[STORED DATA]:
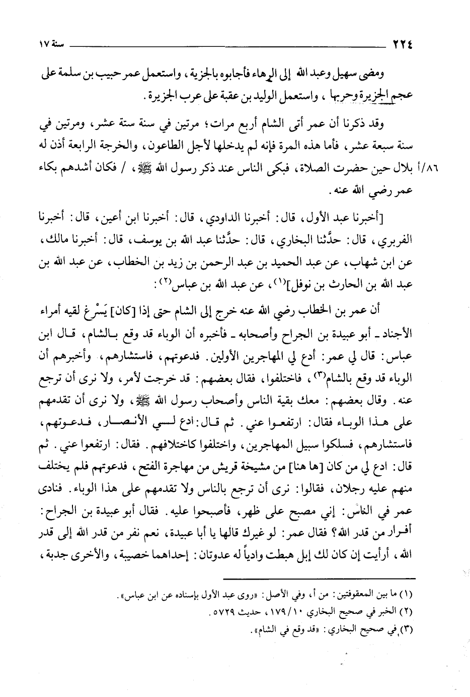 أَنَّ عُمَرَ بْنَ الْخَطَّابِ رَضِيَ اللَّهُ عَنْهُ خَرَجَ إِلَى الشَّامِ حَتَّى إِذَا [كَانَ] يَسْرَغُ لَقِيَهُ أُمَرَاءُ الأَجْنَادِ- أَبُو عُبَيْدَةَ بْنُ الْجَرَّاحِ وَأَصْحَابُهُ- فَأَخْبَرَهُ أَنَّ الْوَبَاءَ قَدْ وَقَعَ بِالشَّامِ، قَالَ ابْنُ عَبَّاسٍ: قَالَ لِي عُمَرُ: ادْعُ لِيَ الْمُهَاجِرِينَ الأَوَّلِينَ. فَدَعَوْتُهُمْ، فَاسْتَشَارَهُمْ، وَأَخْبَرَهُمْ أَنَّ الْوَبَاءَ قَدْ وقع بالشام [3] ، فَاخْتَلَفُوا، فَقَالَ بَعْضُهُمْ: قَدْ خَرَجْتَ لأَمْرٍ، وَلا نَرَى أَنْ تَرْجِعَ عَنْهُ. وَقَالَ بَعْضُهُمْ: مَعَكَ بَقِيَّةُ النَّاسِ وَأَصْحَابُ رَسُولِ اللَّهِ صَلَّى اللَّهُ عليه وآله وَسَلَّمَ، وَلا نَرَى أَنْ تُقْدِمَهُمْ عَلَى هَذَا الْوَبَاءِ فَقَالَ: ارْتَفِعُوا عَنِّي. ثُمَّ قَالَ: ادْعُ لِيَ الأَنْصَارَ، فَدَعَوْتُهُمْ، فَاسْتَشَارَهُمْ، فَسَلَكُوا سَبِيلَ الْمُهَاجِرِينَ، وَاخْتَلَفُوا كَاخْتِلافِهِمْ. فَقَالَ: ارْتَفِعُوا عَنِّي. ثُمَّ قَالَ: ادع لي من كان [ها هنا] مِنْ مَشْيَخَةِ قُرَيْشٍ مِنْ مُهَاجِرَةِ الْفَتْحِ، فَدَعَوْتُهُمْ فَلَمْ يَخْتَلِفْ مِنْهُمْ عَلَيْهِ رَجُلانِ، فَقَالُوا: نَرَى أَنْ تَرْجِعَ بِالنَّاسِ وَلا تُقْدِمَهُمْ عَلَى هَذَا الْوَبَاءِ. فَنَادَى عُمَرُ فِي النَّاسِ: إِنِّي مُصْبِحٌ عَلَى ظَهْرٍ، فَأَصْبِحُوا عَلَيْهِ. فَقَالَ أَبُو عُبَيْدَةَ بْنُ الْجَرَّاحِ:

--

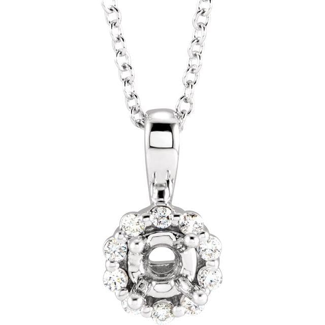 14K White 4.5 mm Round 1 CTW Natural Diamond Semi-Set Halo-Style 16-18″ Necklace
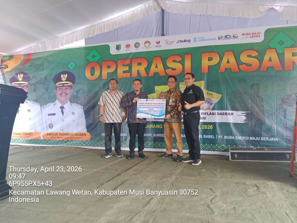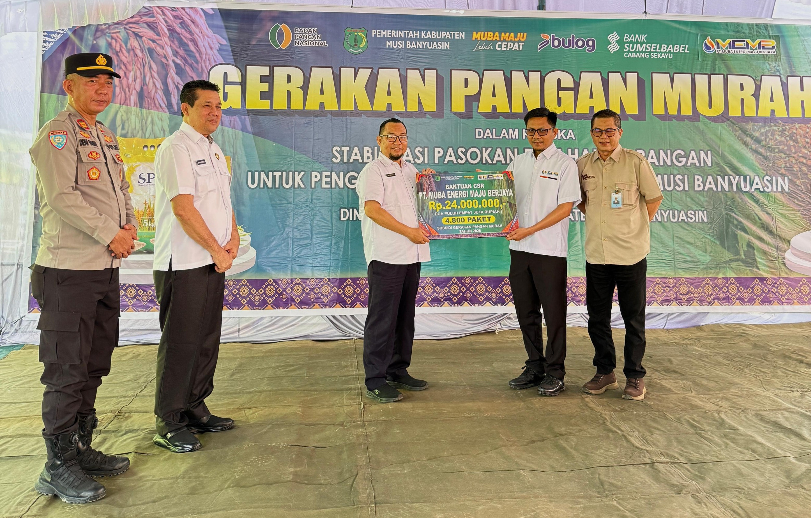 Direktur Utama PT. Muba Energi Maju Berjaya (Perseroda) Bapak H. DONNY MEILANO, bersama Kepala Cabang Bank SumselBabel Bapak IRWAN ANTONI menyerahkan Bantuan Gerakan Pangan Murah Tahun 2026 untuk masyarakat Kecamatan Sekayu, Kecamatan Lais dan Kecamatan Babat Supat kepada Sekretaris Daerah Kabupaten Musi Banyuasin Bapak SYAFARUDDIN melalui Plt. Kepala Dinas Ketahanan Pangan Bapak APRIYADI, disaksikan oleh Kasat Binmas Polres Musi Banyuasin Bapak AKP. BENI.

[WHAT TO PRODUCE]: The result should be an exact copy of only the lines above from the one that holds "14K White 4.5" through the one that holds "Direktur Utama PT.", both ends included, without pictures.

[EXERCISE SOLUTION]:
 14K White 4.5 mm Round 1 CTW Natural Diamond Semi-Set Halo-Style 16-18″ Necklace
 Direktur Utama PT. Muba Energi Maju Berjaya (Perseroda) Bapak H. DONNY MEILANO, bersama Kepala Cabang Bank SumselBabel Bapak IRWAN ANTONI menyerahkan Bantuan Gerakan Pangan Murah Tahun 2026 untuk masyarakat Kecamatan Sekayu, Kecamatan Lais dan Kecamatan Babat Supat kepada Sekretaris Daerah Kabupaten Musi Banyuasin Bapak SYAFARUDDIN melalui Plt. Kepala Dinas Ketahanan Pangan Bapak APRIYADI, disaksikan oleh Kasat Binmas Polres Musi Banyuasin Bapak AKP. BENI.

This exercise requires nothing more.